Combs Stephanie E
Department of Radiation Oncology, Technical University of Munich (TUM), Ismaninger Straße 22, 81675, Munich, Germany.
Institute of Innovative Radiotherapy (iRT), Helmholtz Zentrum München, Ingolstädter Landstraße 1, Neuherberg, Germany.
Curr Treat Options Neurol. 2017 Mar;19(3):12. doi: 10.1007/s11940-017-0447-4.

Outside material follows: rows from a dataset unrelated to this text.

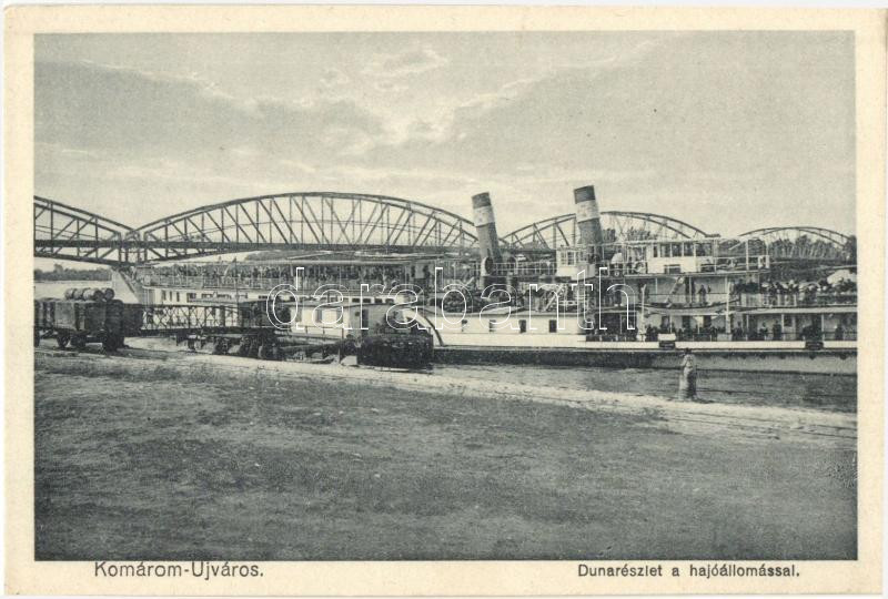 Komárom, Komárno; Hajóállomás, gőzhajó, híd / port, steamship, bridge https://www.darabanth.com/de/277-Fernauktion/277.0/Ansichtskarten/Slowakei~300011/Komarom-Komarno-Hajoallomas-gozhajo-hid-port-steamship-bridge~II1420538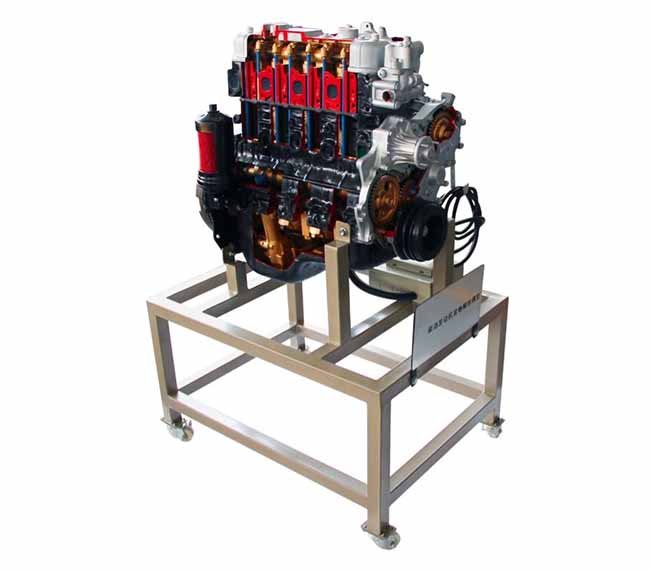 該設(shè)備采用五十鈴4JB1普通柴油發(fā)動機總成進(jìn)行剖面處理,各部件齊全,剖面位置合理,能全面展示柴油發(fā)動機內(nèi)外部結(jié)構(gòu)和部件的運動情況,適用于柴油發(fā)動機原理和機械機構(gòu)的教學(xué)。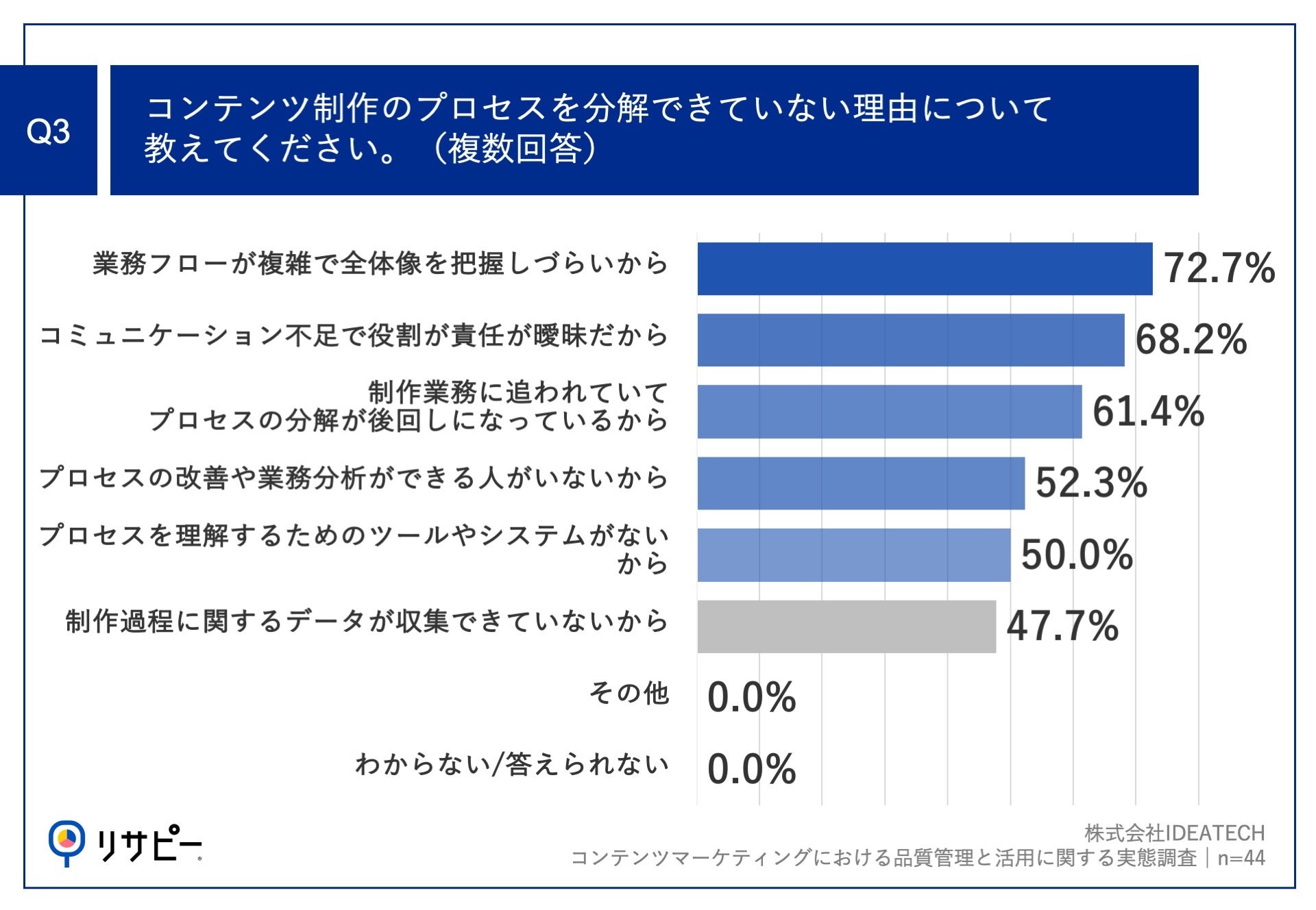 Q2で「コンテンツ制作のプロセスを分解できていないから」と回答した方に、「Q3.コンテンツ制作のプロセスを分解できていない理由について教えてください。(複数回答)」(n=44)と質問したところ、「業務フローが複雑で全体像を把握しづらいから」が72.7%、「コミュニケーション不足で役割が責任が曖昧だから」が68.2%、「制作業務に追われていてプロセスの分解が後回しになっているから」が61.4%という回答となりました。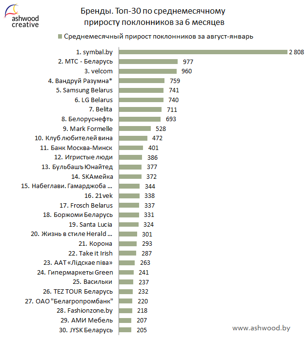 Безоговорочным лидером по среднемесячному приросту за полугодие оказалась страница symbal.by, к слову, она единственная из списка участников рейтинга в среднем, набирала более двух тысяч поклонников. Также в ТОП Брендов вошли три новые страницы. Страница «Вандруй Разумна» приблизилась к тройке лидеров, заняв 4-ую позицию. «Клуб любителей вина» и «TEZ TOUR Беларусь» расположились на 10 и 26 местах соответственно.

Proton therapy is characterized by certain physical properties leading to a reduction in integral dose. As proton therapy becomes more widely available, the ongoing discussion on the real indications for proton therapy becomes more important. In the present article, data on proton therapy for tumors of the central nervous system (CNS) is summarized and discussed in view of modern photon treatments. Still today, no randomized controlled trials are available confirming any clinical benefit of protons in CNS tumors. For certain skull base lesions, such as chordomas and chondrosarcomas, dose escalation is possible with protons thus patients should be referred to a proton center if readily available. For vestibular schwannoma, at present, proton data are inferior to advanced photons. For glioma patients, early data is present for low-grade gliomas, presenting comparable results to photons; dose escalation studies for high-grade gliomas have led to significant side effects, thus strategies of dose-escalation need to rethought. For skull base meningiomas, data from stereotactic series and IMRT present excellent local control with minimal side effects, thus any improvement with protons might only be marginal. The largest benefit is considered in pediatric CNS tumors, due to the intricate radiation sensitivity of children's normal tissue, as well as the potential of long-term survivorship. Long-term data is still lacking, and even recent analyses do not all lead to a clear reduction in side effects with improvement of outcome; furthermore, clinical data seem to be comparable. However, based on the preclinical evidence, proton therapy should be evaluated in every pediatric patient. Protons most likely have a benefit in terms of reduction of long-term side effects, such as neurocognitive sequelae or secondary malignancies; moreover, dose escalation can be performed in radio-resistant histologies. Clinical data with long-term follow-up is still warranted to prove any superiority to advanced photons in CNS tumors. If available, protons should be evaluated for chordoma or chondrosarcoma of the skull base and pediatric tumors. However, many factors are important for excellent oncology care, and no time delay or inferior oncological care should be accepted for the sake of protons only.
质子治疗具有某些物理特性,可使积分剂量降低。随着质子治疗的应用越来越广泛,关于质子治疗真正适应症的持续讨论变得更加重要。在本文中,鉴于现代光子治疗,对中枢神经系统(CNS)肿瘤的质子治疗数据进行了总结和讨论。时至今日,尚无随机对照试验证实质子对CNS肿瘤有任何临床益处。对于某些颅底病变,如脊索瘤和软骨肉瘤,质子治疗可实现剂量递增,因此如果条件允许,应将患者转诊至质子治疗中心。对于前庭神经鞘瘤,目前质子治疗的数据不如先进的光子治疗。对于胶质瘤患者,低级别胶质瘤有早期数据,结果与光子治疗相当;高级别胶质瘤的剂量递增研究导致了显著的副作用,因此需要重新思考剂量递增策略。对于颅底脑膜瘤,立体定向系列和调强放疗的数据显示局部控制良好且副作用最小,因此质子治疗可能仅带来微小改善。人们认为质子治疗对儿童CNS肿瘤的益处最大,这是由于儿童正常组织对辐射的敏感性复杂,以及长期生存的潜力。长期数据仍然缺乏,即使是最近的分析也并非都能明确显示随着结果改善副作用会减少;此外,临床数据似乎具有可比性。然而,基于临床前证据,应在每例儿科患者中评估质子治疗。质子治疗很可能在减少长期副作用方面有益,如神经认知后遗症或继发性恶性肿瘤;此外,对于放射抗拒的组织学类型可进行剂量递增。仍需要长期随访的临床数据来证明在CNS肿瘤方面优于先进的光子治疗。如果条件允许,应评估质子治疗用于颅底脊索瘤或软骨肉瘤以及儿科肿瘤。然而,许多因素对于优质的肿瘤治疗很重要,不应仅为了质子治疗而接受时间延迟或劣质的肿瘤治疗。